Voters don’t love Bidenomics. Markets are coming around.

Leading economists at big banks like Goldman Sachs and JPMorgan Chase have lowered their odds of an imminent recession.

Voters don’t love Bidenomics. Markets are coming around.

President Joe Biden is telling the American people that the economy is in better shape than they think. As inflation starts to fade, some on Wall Street are starting to believe it.

Leading economists at big banks like Goldman Sachs and JPMorgan Chase have lowered their odds of an imminent recession, pointing to a resilient labor market and steady household finances as signs that the U.S. can weather the storm as the Federal Reserve continues to drive up borrowing costs.

“The most anticipated recession in modern history may not come,” Jamie Cox, a managing partner at the advisory firm Harris Financial Group, said in an interview.

The job market has started to soften without pushing up unemployment, Goldman’s chief U.S. economist David Mericle said on the bank’s podcast. There’s also growing confidence that the pressure banks felt following the failures of several regional lenders won’t cause a recessionary shock.

“I feel better about the prospects for achieving a soft landing based on what we've seen so far,” Mericle said.

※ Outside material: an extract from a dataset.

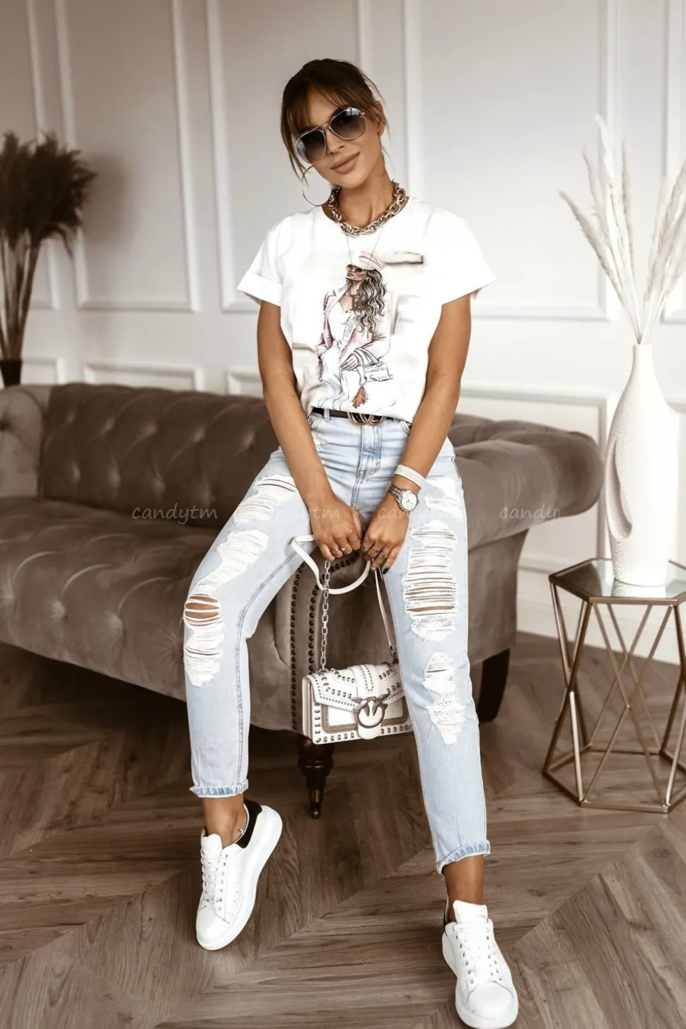 T-SHIRT PŁASZCZ I OKULARY

That bodes well for Biden as his administration undertakes a nationwide messaging push to sell the public on his economic track record.


“I continue to believe that there is a path to reducing inflation while maintaining a healthy labor market," Treasury Secretary Janet Yellen said in prepared remarks delivered in New Orleans last week. "Without downplaying the significant risks ahead, the evidence that we’ve seen so far suggests that we are on that path.”

Yellen added that business executives she’s met with “have increasingly voiced confidence in our economy.”

Still, despite low unemployment, wage growth and a relatively robust stock market, Americans have given the president dismal marks on economic policy. An Associated Press-NORC Center for Public Affairs Research poll released last week found that barely a third of respondents approve of Biden’s leadership on economic matters.

That reflects lingering frustration with elevated consumer prices that have eaten away at paychecks for more than a year, particularly in the service sector, which hasn’t been as sensitive to Fed rate hikes that are intended to bring down prices. The personal consumption index, the central bank’s preferred inflation gauge, on Friday showed that prices climbed in May by 3.8 percent — the slowest annual rate since April 2021 but still well above the Fed's 2 percent target.



Fed Chair Jerome Powell said he wouldn’t take two additional rate hikes at the central bank’s next two meetings “off the table.” There was little in the latest inflation print that would suggest he’ll change his mind. Core PCE — which measures inflation without food and energy prices — barely budged in May.

Yet there are tangible signs that Wall Street’s confidence in the economy is starting to improve.

The S&P 500 has climbed by more than 16 percent since the start of the year even as lenders warn of tighter credit conditions. Consumer confidence has started to improve and spending on new construction has risen. There are even signs of recovery in homebuilding, which could relieve pressure on rents and cool inflation.

What’s more, many economists expect the Labor Department’s jobs report on Friday to show that the unemployment rate fell slightly in June to 3.6 percent with payrolls increasing by about 225,000 — a solid number but fewer than in most recent months.

“Even if the unemployment rate went up a few tenths of a percent from here, the labor market would still be in very good shape relative to history,” Scott Wren, a senior global market strategist at the Wells Fargo Investment Institute, wrote in a research note. “U.S. consumers with money in their pockets tend to go out and spend it.”

While yields on 10-year and 2-year Treasury yields remain inverted, which typically signals that a recession is coming, Bank of America rates strategist Meghan Swiber said that might actually reflect the market’s anticipation of inflation falling — rather than an economic downturn.

“The market is of this view that the Fed will be cutting rates, not so much because we're in a recession, but because inflation is normalizing,” she said.